You’ll notice that pge_summarize is significantly altered, holding only 24 rows (24 unique combinations of 12 months and 2 customer classes), and holding only one field of actual “observed information”, the total kilowatt-hours for that month and customer class. You could have added additional summarization fields, but first I’ll note that pge_summarize, as is, is what is called “tidy” data, a concept pioneered by the tidyverse. This chapter from Hadley’s textbook gives the best explanation. pivot_longer() and pivot_wider() can be used to convert back and forth between “tidy” data and what we might be more used to from an Excel background, as shown:

pge_wide <-
  pivot_wider(
    pge_summarize,
    names_from = CUSTOMERCLASS,
    values_from = TOTALKWH
  )

pge_wide

Generally, wider data is easier to look at, but longer, “tidier” data is easier to do a variety of operations on, so you should be familiar with how to go back and forth.

pge_tidy <-
  pivot_longer(
    pge_wide,
    c("Elec- Commercial", "Elec- Residential"),
    names_to = "CUSTOMERCLASS",
    values_to = "TOTALKWH"
  )

pge_tidy is the same as pge_summarize. Note that unlike in select() and other fundamental functions, in pivot_longer() you need to enclose field names in quotation marks. I’m personally not aware of consistent rules behind why a function does or doesn’t require quotations, so consider this the kind of function-specific know-how you’ll develop with experience.

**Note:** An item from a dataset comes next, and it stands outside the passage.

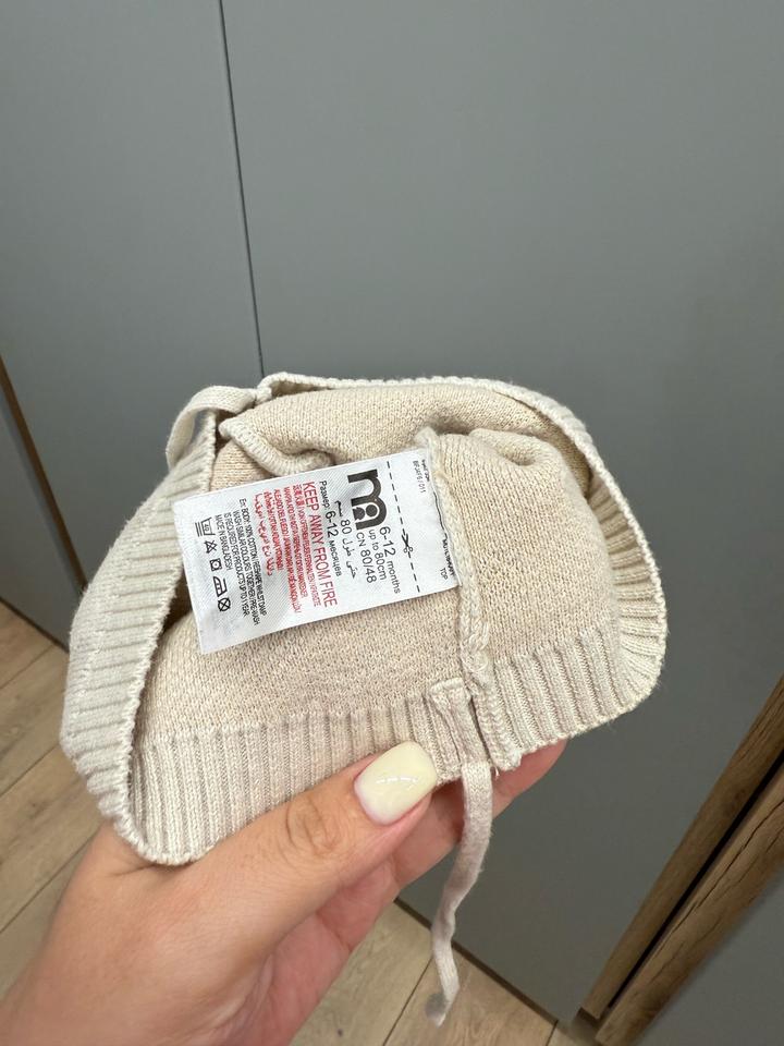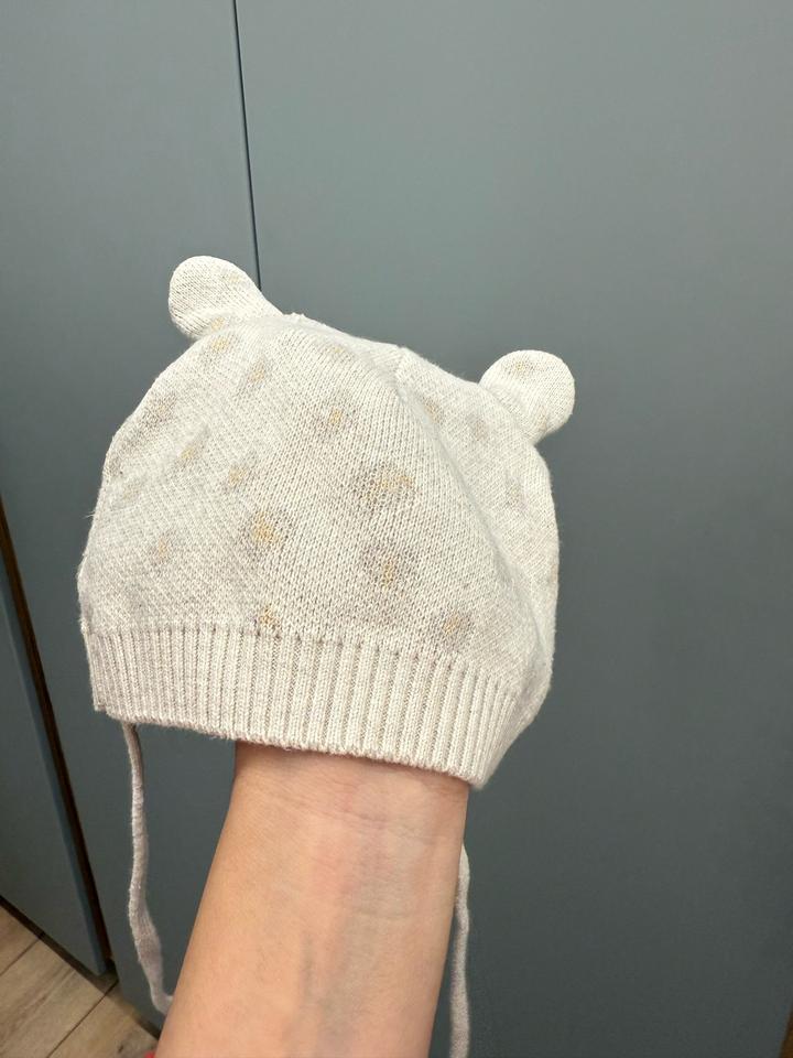 Шапка демисезонная, на рост 80см. Спокойный леопардовый принт. В отличном состоянии. На бирке размер 6-12 месяцев Артикул: 541688

Now let’s go back to the summarize() step to add TOTALCUSTOMERS as well, and then re-compute AVERAGEKWH after the summarization operation using mutate().

pge_summarize <-
  summarize(
    pge_group,
    TOTALKWH = 
      sum(
        TOTALKWH, 
        na.rm = T
      ),
    TOTALCUSTOMERS =
      sum(
        TOTALCUSTOMERS,
        na.rm = T
      )
  )

pge_mutate <-
  mutate(
    pge_summarize,
    AVERAGEKWH =
      TOTALKWH/TOTALCUSTOMERS
  )

mutate() is the closest thing to, in Excel, creating a new field, typing in a formula, and then “dragging” that formula down the length of the spreadsheet. It’ll likely become the dplyr function you use the most.

One final, very important technique before we move on. If you haven’t already noticed, the last few chunks have produced lots of individual outputs in the Environment that you might consider “useless” if all you really wanted was the final result, pge_mutate. There was a lot of redundancy in having to constantly refer to the previous interim data object as part of making a new interim data object.

The “pipe”, %>%, is designed to string functions together like an assembly line, where an “object” is passed from function to function in stages of manipulation. It’s worth getting a full explanation directly from Hadley here, but my own paraphrase is that wherever you can conceive of a pipeline, you should built the habit of coding with pipes which will simplify the code for both you and readers. I consider the pipes as fundamentally clarifying the nature of many operations to better resemble our mental model of what’s “happening” to a data object, treating the functions more as “verbs” which sequentially “act” on a single object. The pipe itself is very easy with the shortcut Ctrl+Shift+M.

Also note that the pipe comes as part of loading the package magrittr which is in the tidyverse, which means pipes only work if you have this package loaded. This is not a big deal if you tend to use tidyverse in your code. But as of 2021, R has its own “native pipe”, which looks like |>. This is sort of the same as %>% but there are enough small but significant advantages to %>% that I recommend using %>% instead of |> (at least until |> has some feature upgrades).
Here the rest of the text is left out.